What needs to be done:
Write out the lines of the material below exactly, beginning at the line with "Detalii: Sandale galbene" and stopping after the line with "Pierwsze rozwiązanie zalecane", and leave out the pictures.
***** Provided material
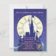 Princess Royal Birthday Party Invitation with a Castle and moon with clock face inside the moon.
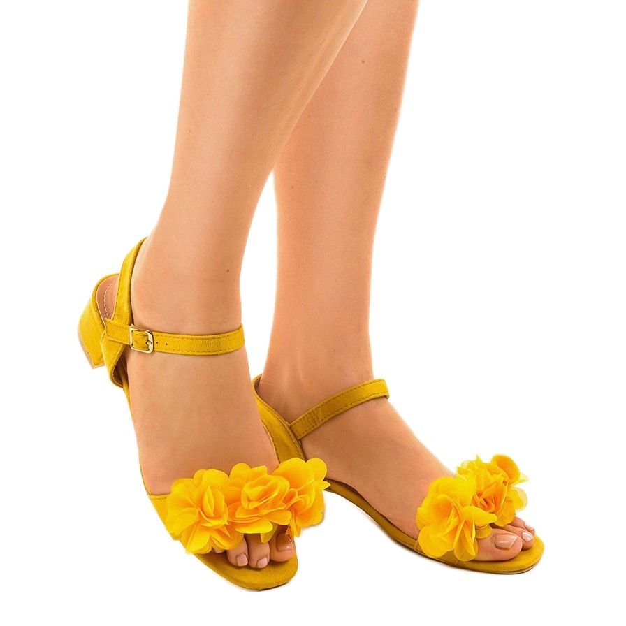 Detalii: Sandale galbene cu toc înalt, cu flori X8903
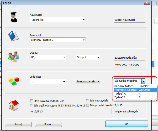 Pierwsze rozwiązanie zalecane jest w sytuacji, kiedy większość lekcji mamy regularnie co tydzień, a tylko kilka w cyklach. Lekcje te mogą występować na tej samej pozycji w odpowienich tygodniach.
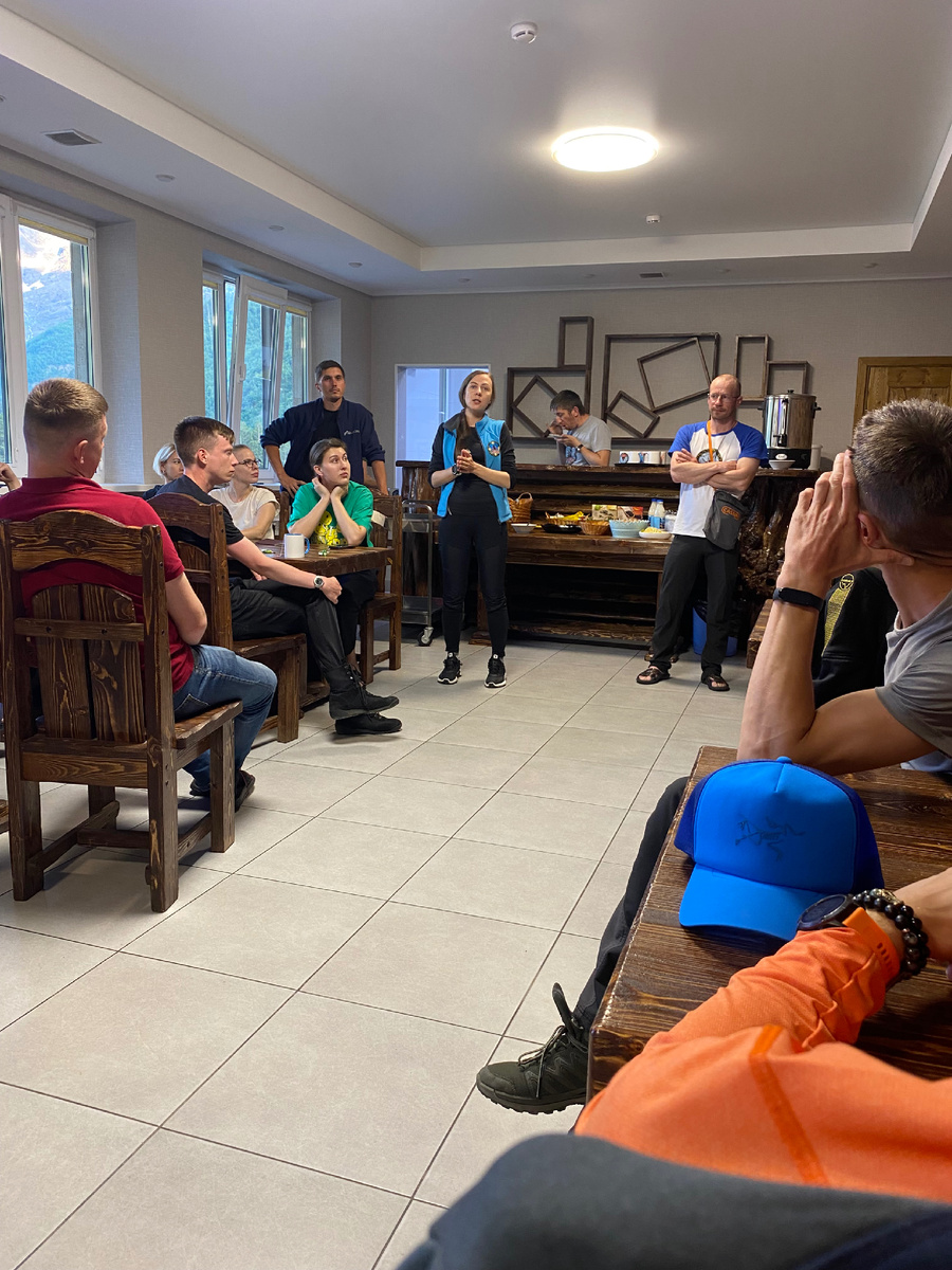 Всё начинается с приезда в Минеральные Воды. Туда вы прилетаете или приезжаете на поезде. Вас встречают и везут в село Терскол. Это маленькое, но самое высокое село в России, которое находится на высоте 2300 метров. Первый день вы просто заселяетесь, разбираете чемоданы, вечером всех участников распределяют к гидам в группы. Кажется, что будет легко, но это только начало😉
**********
***** Provided material
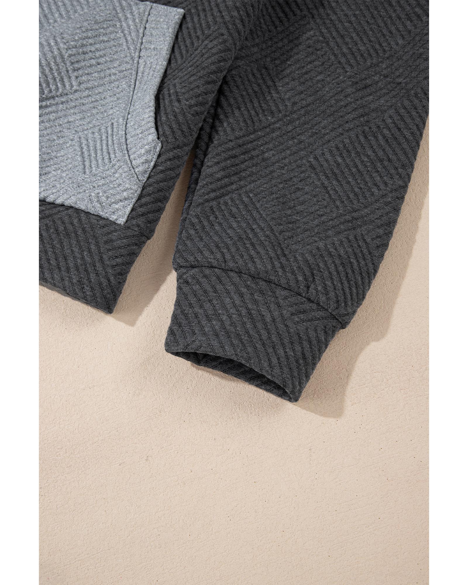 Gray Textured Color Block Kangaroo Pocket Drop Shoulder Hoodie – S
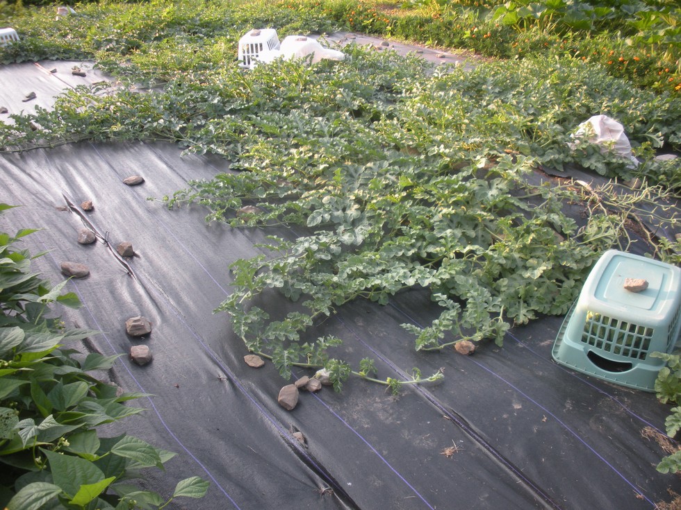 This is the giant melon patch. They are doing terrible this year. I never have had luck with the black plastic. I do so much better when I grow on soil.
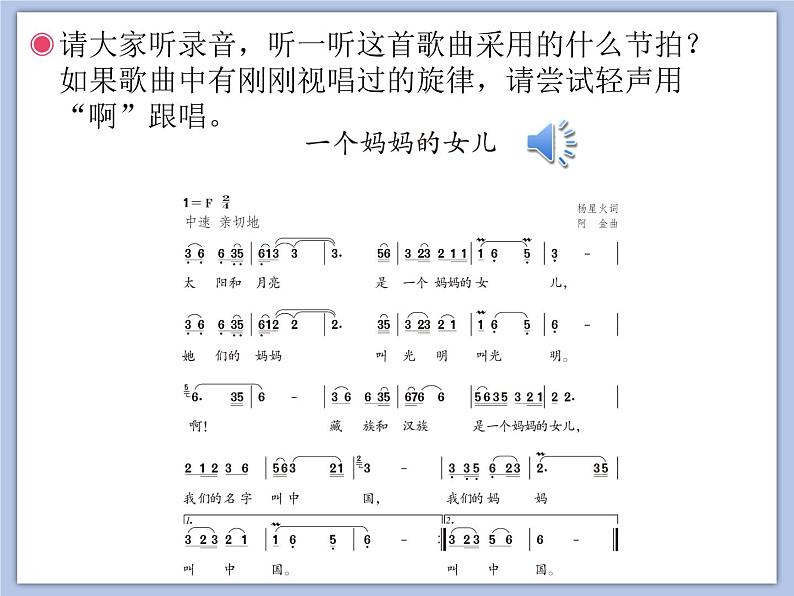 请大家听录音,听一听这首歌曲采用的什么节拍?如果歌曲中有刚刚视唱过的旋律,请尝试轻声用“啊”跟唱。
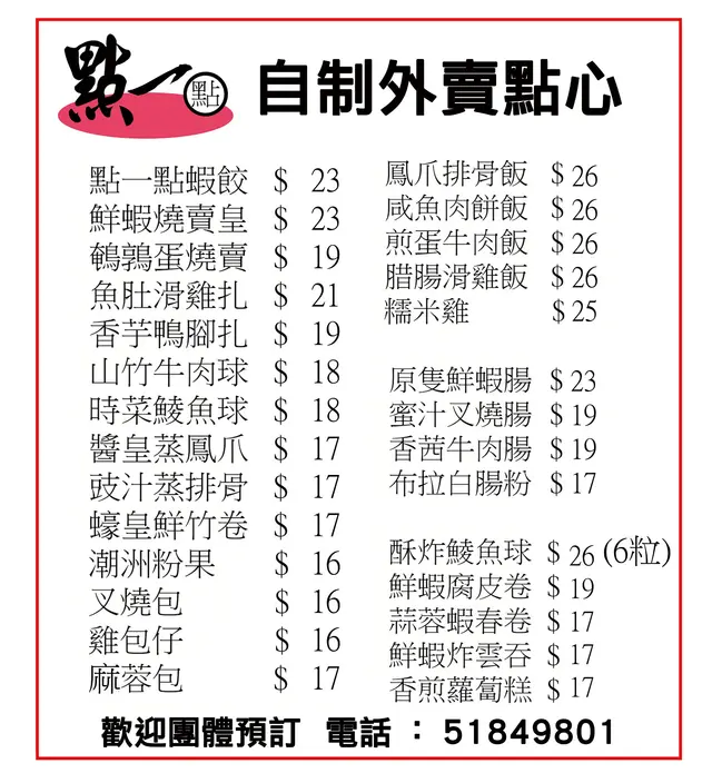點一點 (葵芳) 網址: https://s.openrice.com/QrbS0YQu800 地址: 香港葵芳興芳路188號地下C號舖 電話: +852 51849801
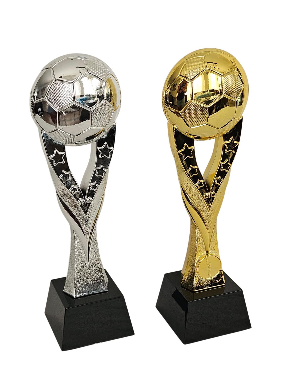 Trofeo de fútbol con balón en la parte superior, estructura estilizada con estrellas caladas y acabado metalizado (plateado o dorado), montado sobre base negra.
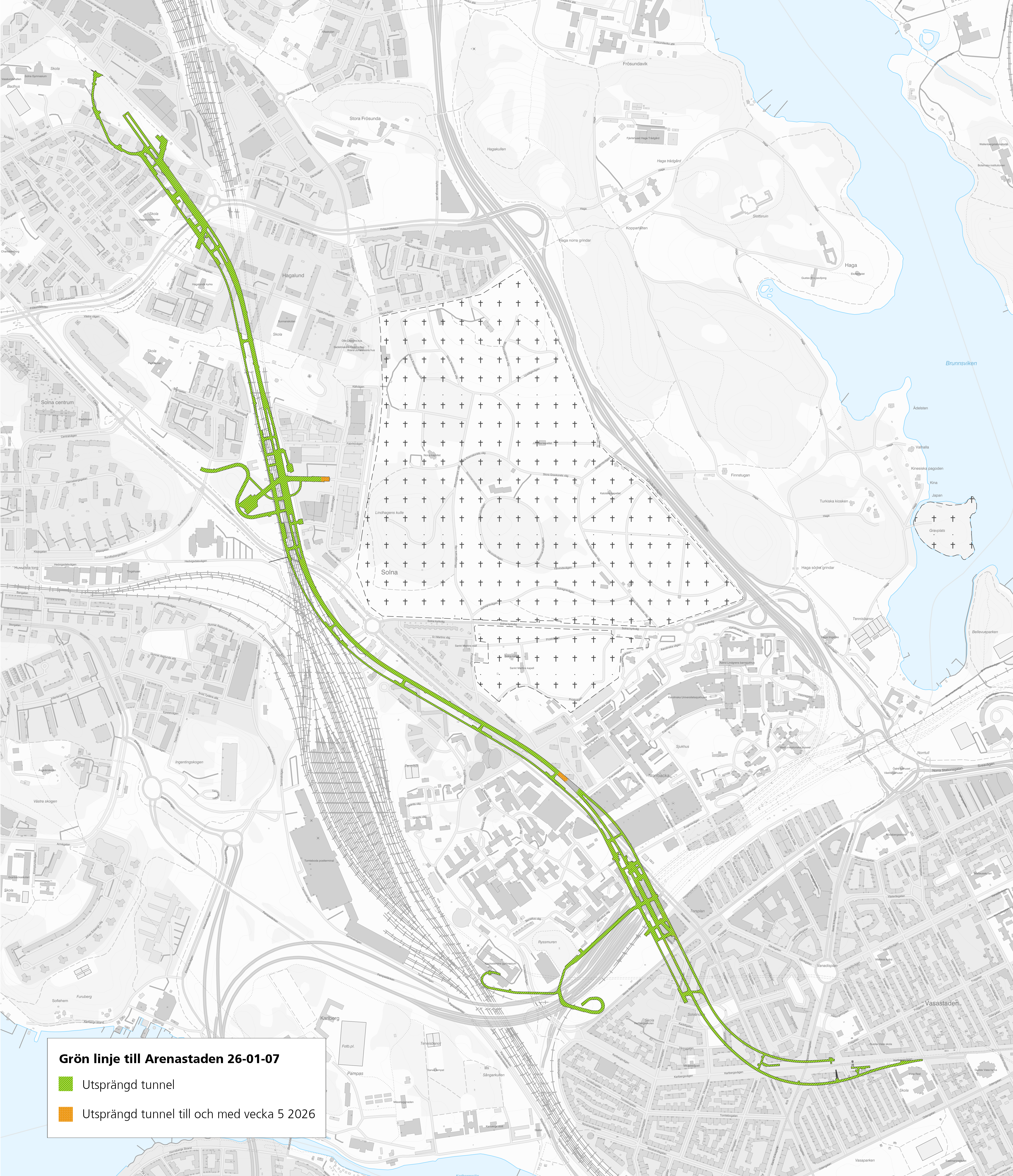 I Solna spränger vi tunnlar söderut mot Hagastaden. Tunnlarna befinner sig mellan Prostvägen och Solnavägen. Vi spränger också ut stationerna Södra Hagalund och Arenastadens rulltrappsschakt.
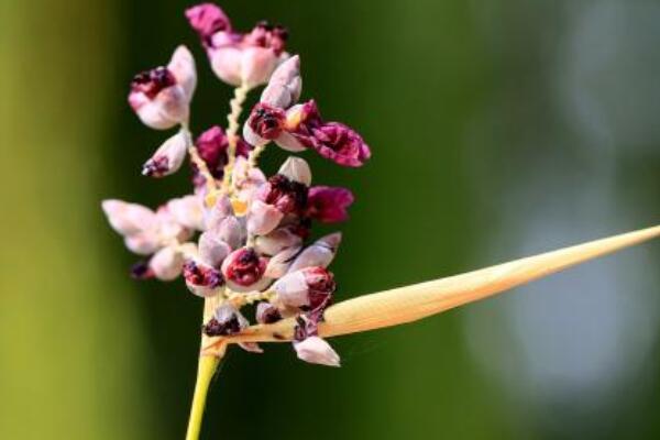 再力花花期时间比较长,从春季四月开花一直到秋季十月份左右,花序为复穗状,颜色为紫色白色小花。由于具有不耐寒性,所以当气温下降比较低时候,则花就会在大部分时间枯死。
**********
Result for this task:
 Detalii: Sandale galbene cu toc înalt, cu flori X8903
 Pierwsze rozwiązanie zalecane jest w sytuacji, kiedy większość lekcji mamy regularnie co tydzień, a tylko kilka w cyklach. Lekcje te mogą występować na tej samej pozycji w odpowienich tygodniach.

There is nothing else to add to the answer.